Nieuws - 18 november 2010

Robben Island

Less than a month ago I had the honour of visiting Robben Island, where Nelson Mandela and countless other non-white opponents of Apartheid were imprisoned for years. It was not the sight of the tiny cells, the bleak courtyard or the high fences topped with rolls of barbed wire that made the biggest impression on me, but the stories of our guides, who were ex-prisoners.

A bus took us past all the places on the island that are part of its history. We saw the churchyard where prisoners were buried. We passed the limestone quarry where huge pieces of rock were hewn out, to be hacked into gravel later in the courtyard, the prisoners sitting in long rows. Pointless work, intended simply to make them feel the inequality, to break their wills. We saw groups of penguins, here at their most northern point, made possible by the cold water of the gulf stream from the south.
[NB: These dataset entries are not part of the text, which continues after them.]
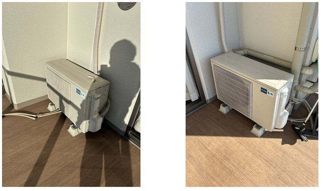 エアコンが1台になったため室外機も1つ撤去します。ベランダが広くなり空いたスペースは有効活用できますね。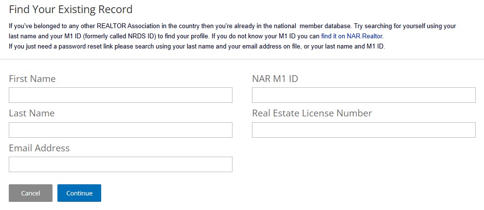 Step 3: You will be directed to search for your account by entering either your Last Name and Email Address or Last Name and M1 (NRDS) number. If you do not know your M1 number, you can find it on NAR.Realtor.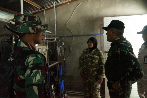Danjen Akademi TNI Bersama rektor Unhan RI meninjau langsung progres pembuatan RO atau penjernihan air bersih yang dikerjakan Taruna dan Kadet, serta berinteraksi dengan pengurus ponpes tersebut dan memastikan kegiatan Latsitarda Nusantara ke-46 benar-benar memberi manfaat nyata bagi warga setempat.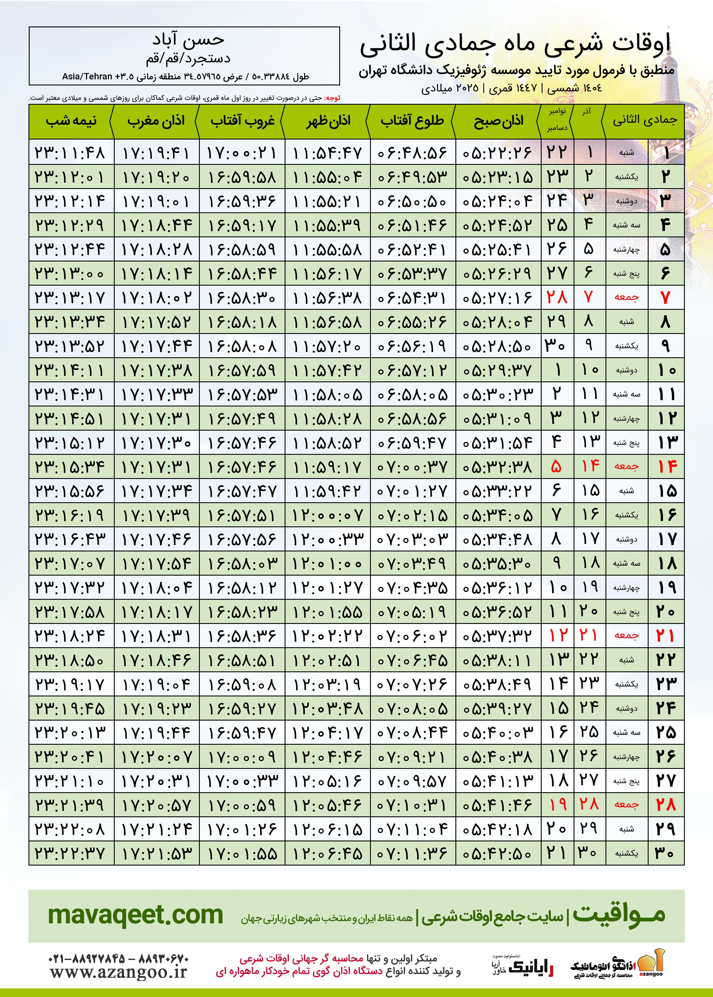 جدول اوقات شرعی جمادی الثانی ١٤٤٧ قمری روستای حسن آباد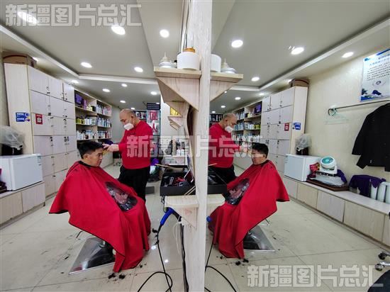 2022年11月28日,市民在乌鲁木齐市经一路一家理发店理发。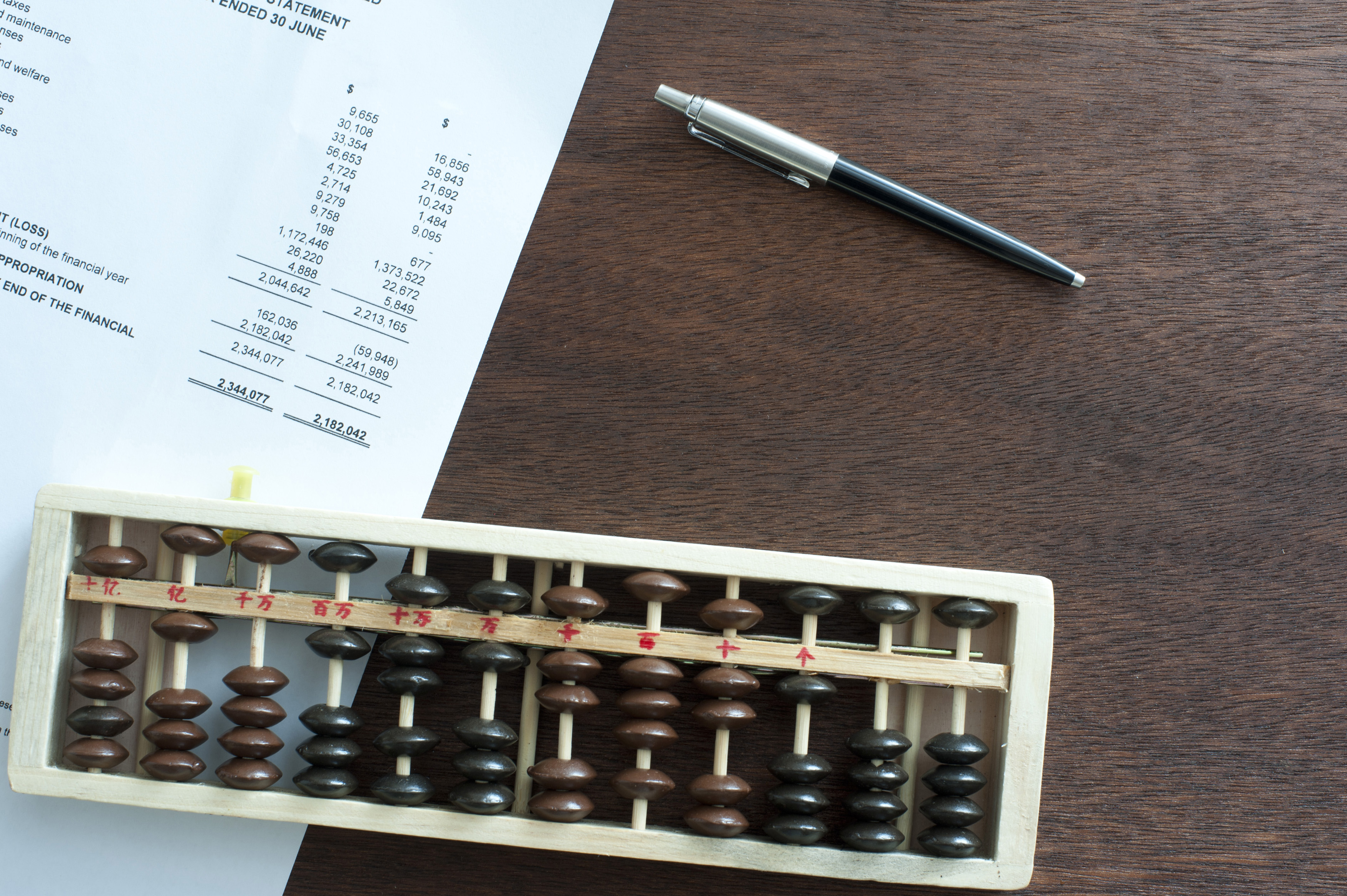 Short wooden rectangular abacus on table beside two toned executive pen and a printed income statement

I listened to our guide and looked at him as he told us about Mr Mandela, who taught them not to hate, not to seek revenge.
I didn't buy anything in the souvenir shop at the jetty, but I did pick up a couple of chips of limestone from the quarry to give to my daughters back home.
What does all this have to do with Wageningen? Not much, perhaps. Nothing, perhaps. I'm not sure. A lot perhaps. Everything, perhaps. It was an honour to visit Robben Island. Yes, an honour. But the prisoners who were robbed of their freedom here and endlessly mistreated and humiliated won't have felt that way.